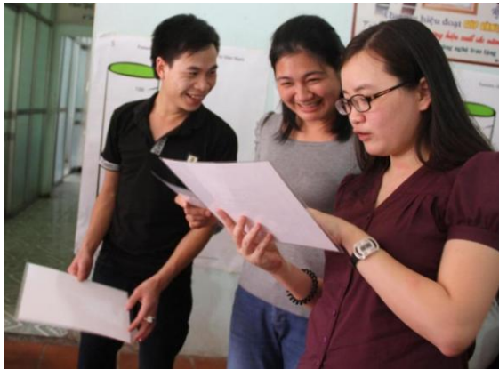
Participants of the Media Training on Sustainable Forest Management, which was supported by implementing partner CIFOR

from across a variety of disciplines has started to make use of the manual, as and when appropriate. However, evaluators have noted that the grantee (upon UNDEF recommendation) during the project's extension period organized two additional workshops to provide local NGOs with the opportunity to demonstrate the practical benefits of their environmental protection work to 88 officials (representing different levels of governance similar to the groups of participants above) and to directly discuss with them the barriers they face when trying to support civil society participation.
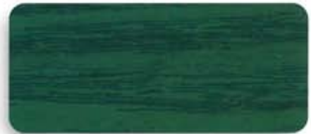
TG 109 JUNIPER
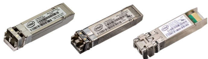
Intel® Ethernet SFP28 Optics (SR, and SR and LR extended temp)
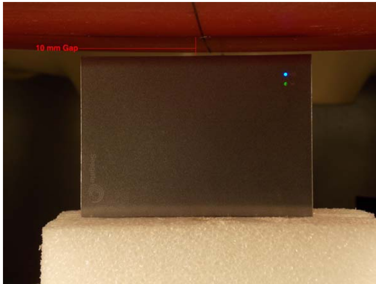
Test Position Side C 10 mm Gap
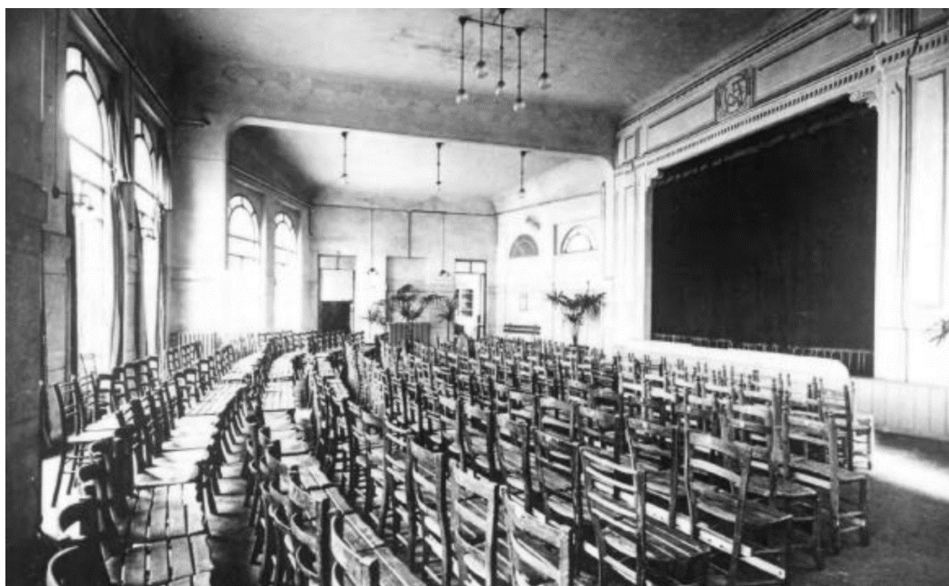
Figure 6: The Union theatre after the First World War.

In addition to the Circle of the Women's Union, the theatre, the library, the house of the Union welcomed the General Association of Mutual Aid for Women Workers in Milan, the Committee against the tratta delle bianche , the trafficking in white women, the administration of the Asilo Mariuccia , Mariuccia Asylum, the Fraternal Society with the Recreation Centre for the swimming pools, the School of Professional Design for Young Women Workers, the Children's Committee, the Employment Office for Maids, the administration of the Information and Assistance Offices, the Society for the Defence of Hygiene of Early Childhood, the Patronage of Minors sentenced conditionally and the Dormitory-Female Pension.
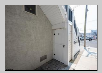
708 West Ave Ocean City, NJ 08226
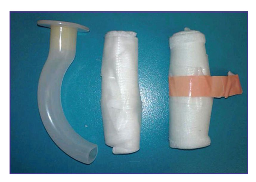
Figure 1–1. Examples of bite blocks used by anesthesiologists during general anesthesia. The variable size, omission from surgical counts, and lack of radiological markings make hand-made bite blocks a potential airway foreign body.

that was taped together. This was originally placed by one anesthesiologist at the beginning of surgery upon intubation. About halfway through the surgical case, a second anesthesiologist relieved the first anesthesiologist and proceeded to finish the surgical case. The bite block most likely had become displaced between the start of the surgical case and the second anesthesiologist taking over. The second anesthesiologist did not know that there was a bite block and would not have been aware that it had become displaced from its original location.
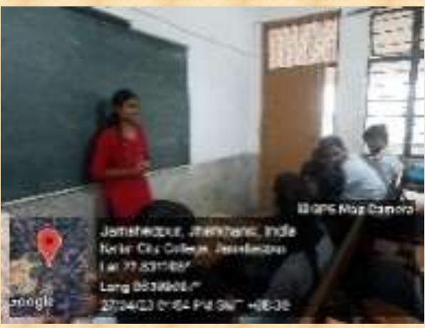
Alumni Speak 26 April 2023
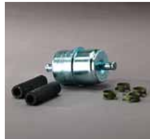
P550090 FORD, GMC -- 2 HOSES 4 CLAMPS INCLUDED
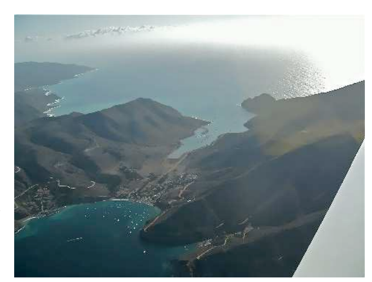
Catalina from the air

rented electric bikes to explore the town. Given the perfect weather and temperatures in the 70s year round, it was fresh and gorgeous. Cars are highly restricted on the island. With golf carts everywhere on the narrow streets and the Mediterranean architecture, it seemed to me like I was in the land of Lilliputians. It was a wonderful escape and worthy of another go. Next time, I plan to visit Two Harbors, a town to the northwest and a pair of harbors that straddle a narrow isthmus.
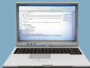
Table of contents Podcasts Ahead of Print CME Specialized topics

Sign up to receive emailed announcements when new podcasts or articles on topics you select are posted on our website.
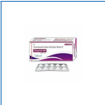
40MG ESOMEPRAZOLE GASTRO-RESISTANT TABLETS

0.1%WW Bidin Ls Brimonidine Tartrate Eye Drop, 0.5 Mg Caberlin Cabergoline Agonist Tablet, 0.5 Mg X Vir Entecavir Tablet, 0.5mg Budelite Budesonide Nebuliser Suspension, 0.5mg Cabgolin Cabergoline Tablet, 0.5mg Entavir Entecavir Tablets IP, 0.6% Besivance Besifloxacin Ophthalmic Suspension Bottle, 1 Mg Glimestar Glimepride Tablets, 1% Brinzagan Brinzolamide Ophthalmic Suspension, 10 Mg Methandienone Tablets, 10 Mg Winstrol Stanozolol Tablets, 100 Mcg Levothyroxine Sodium Tablets, 100 Mg Budecort Budesonide Inhaler, 100 Mg Methenolone Enanthate Injection, 100 Mg Nandrolone Phenylpropionate, etc.
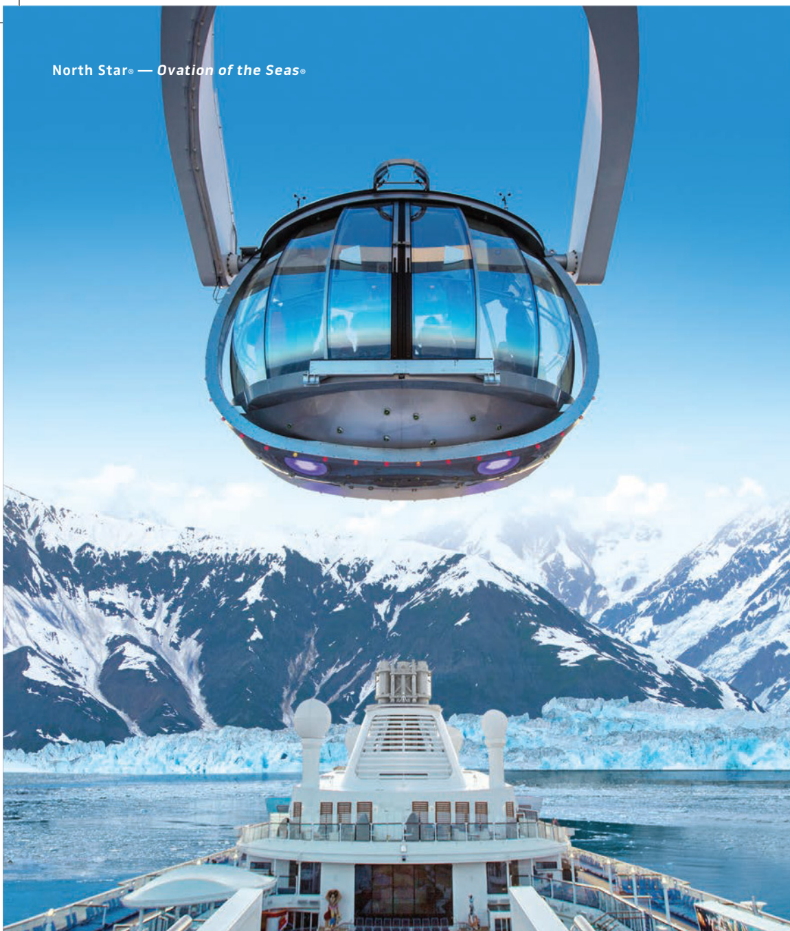
North Star® — Ovation of the Seas®

● ● ●

● **ASSIGNMENT**:
Search the preceding listing for "topics" and extract every line where it is found.

● **RESULT OF THIS TASK**:
Table of contents Podcasts Ahead of Print CME Specialized topics
Sign up to receive emailed announcements when new podcasts or articles on topics you select are posted on our website.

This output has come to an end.